Task description.
Restate the listing below exactly, images excluded.

Available data.
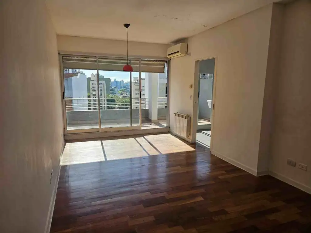 -Living comedor amplio con pisos de madera, con salida a un amplio balcón.
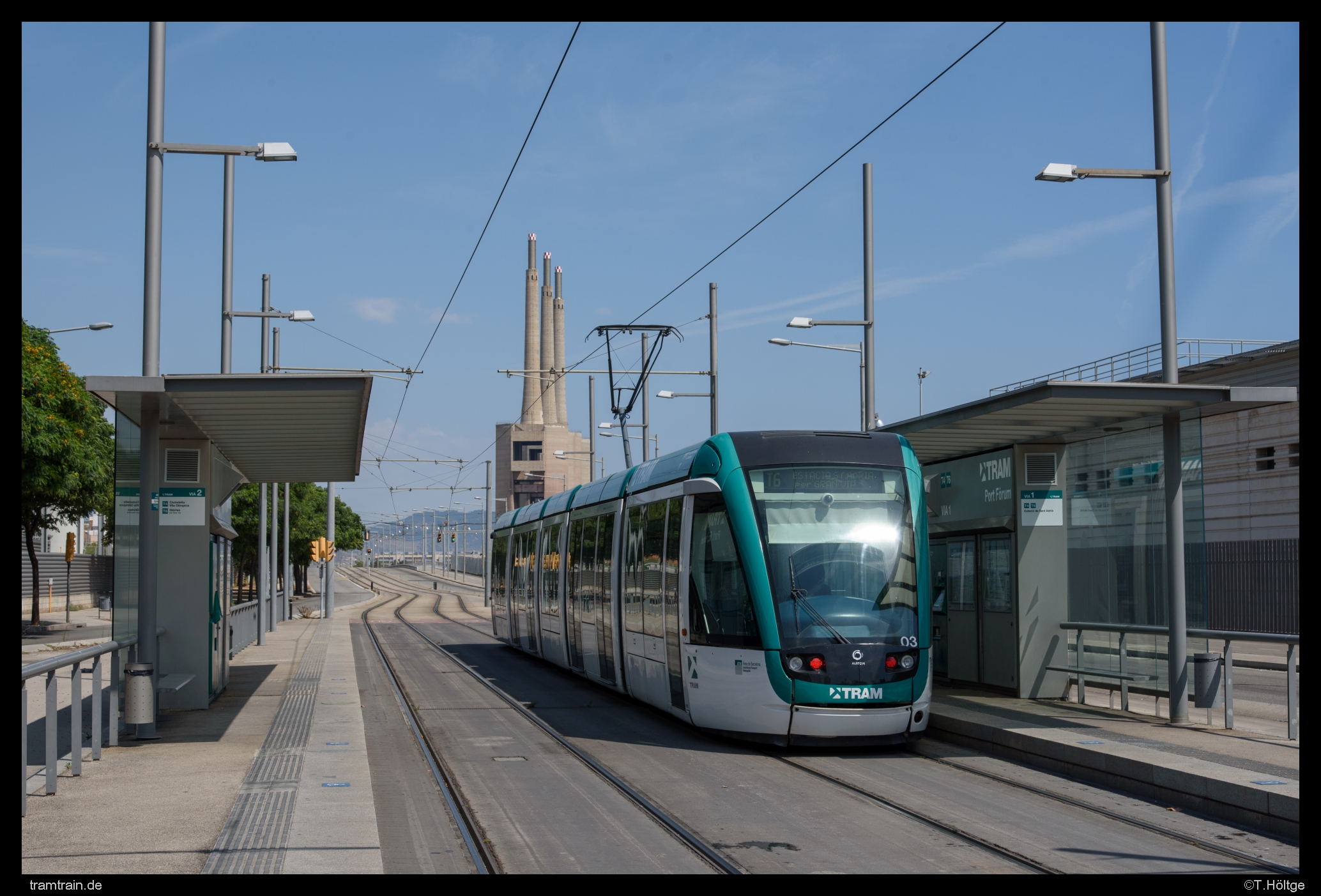 Die drei Kraftwerkstürme im Hintergrund sind von den zahlreichen Aussichtshügeln in Barcelona immer gut zu erkennen. Tw 03 steht in der Station “Port Fórum”.
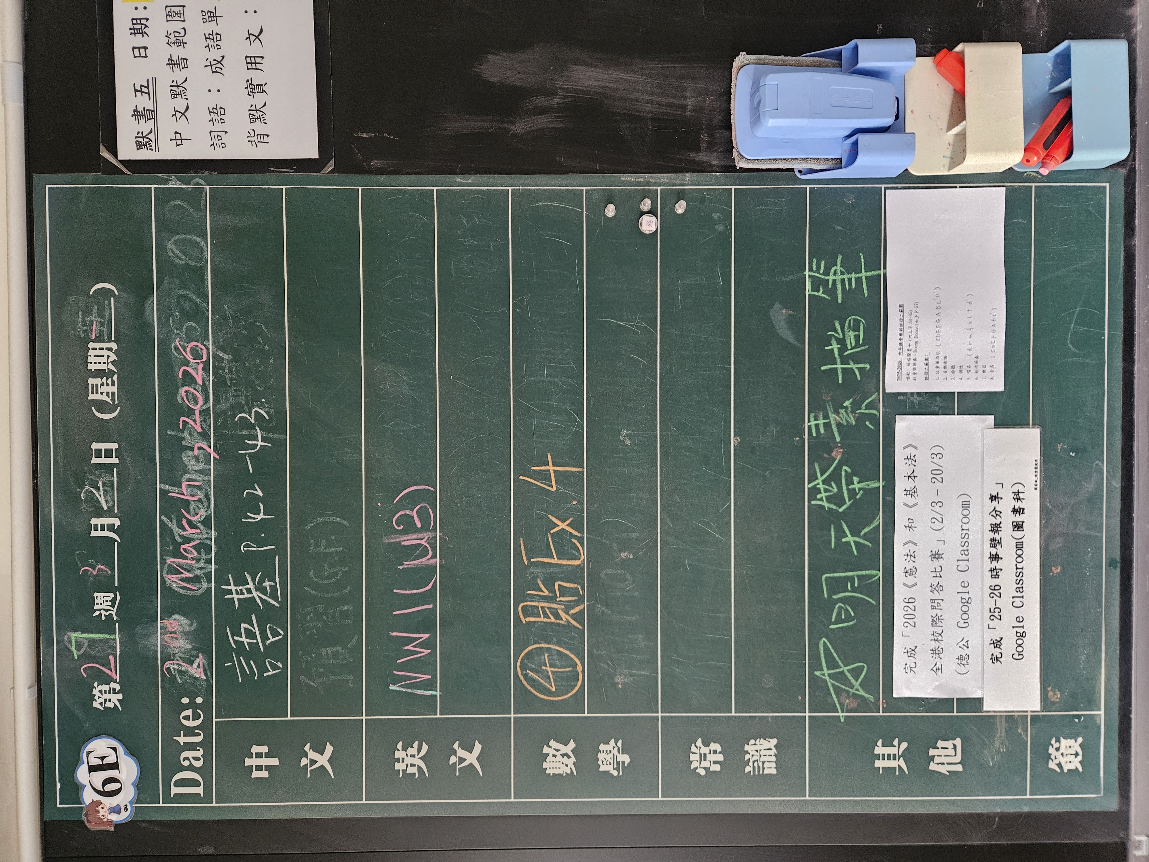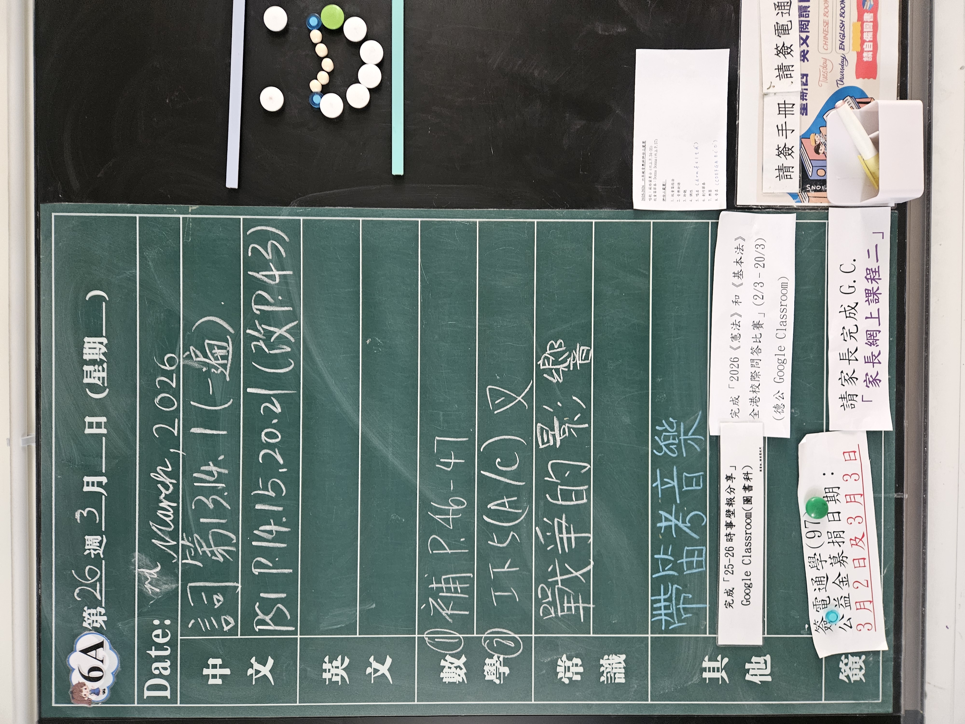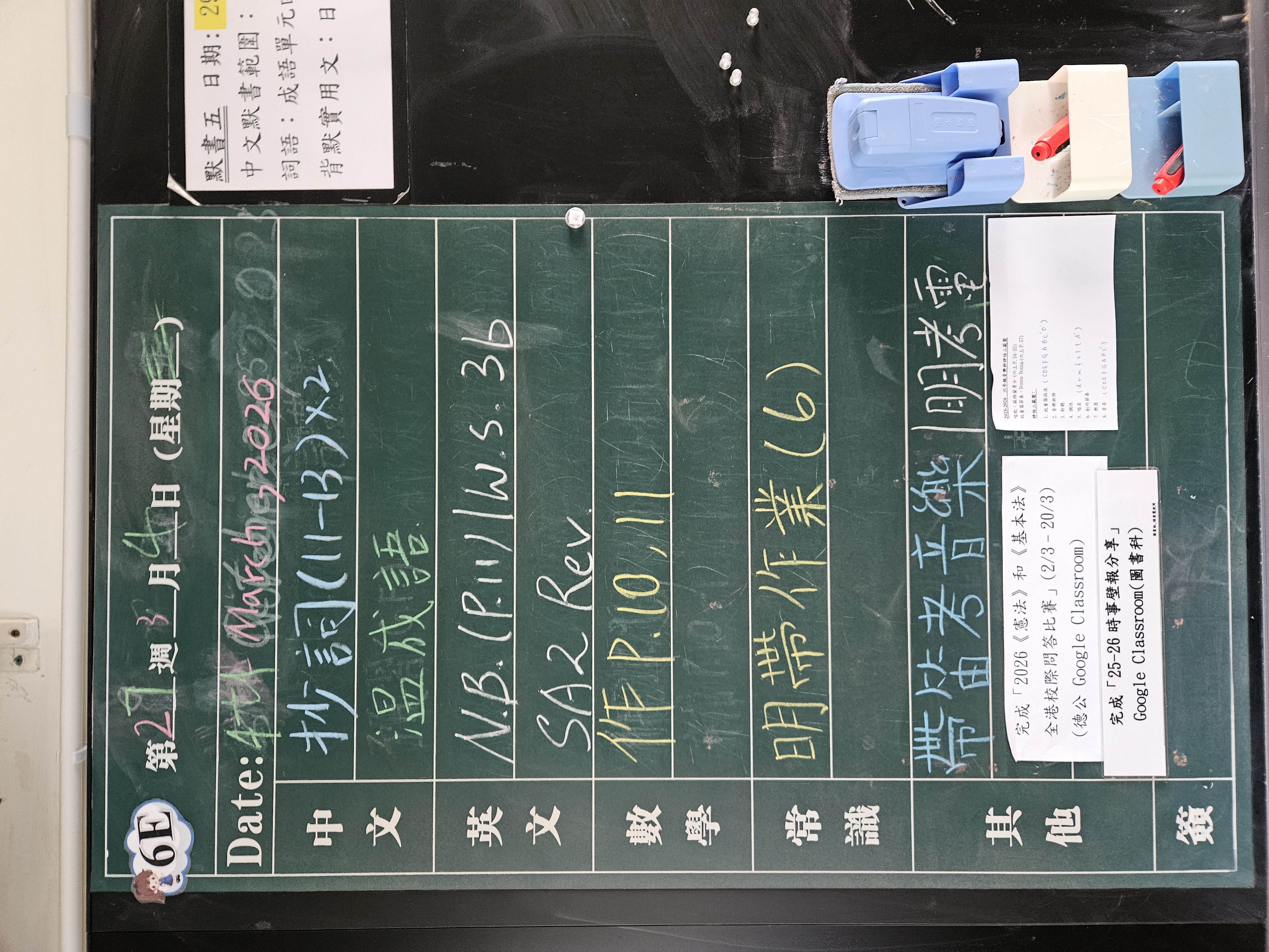 | 6A | 星期一 | 星期二 | 星期三 | 星期四 | 星期五 |
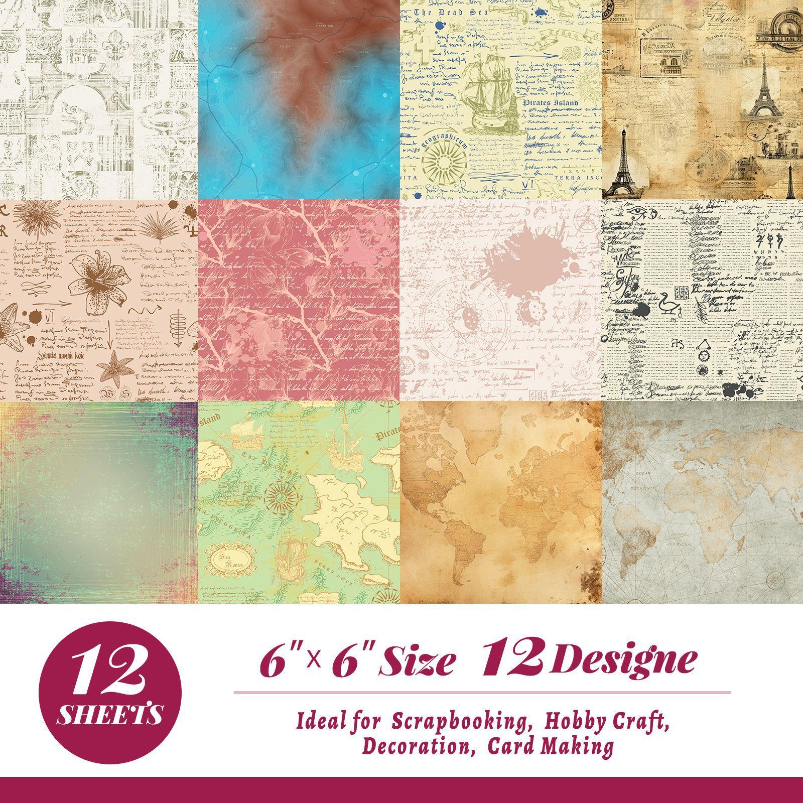 Vendo 12 hojas/paquete de papelería de mapas retro Amazon, tarjetas de álbum de recortes transfronterizas, papel de material no adhesivo

Your solution.
 -Living comedor amplio con pisos de madera, con salida a un amplio balcón.
 Die drei Kraftwerkstürme im Hintergrund sind von den zahlreichen Aussichtshügeln in Barcelona immer gut zu erkennen. Tw 03 steht in der Station “Port Fórum”.
 | 6A | 星期一 | 星期二 | 星期三 | 星期四 | 星期五 |
 Vendo 12 hojas/paquete de papelería de mapas retro Amazon, tarjetas de álbum de recortes transfronterizas, papel de material no adhesivo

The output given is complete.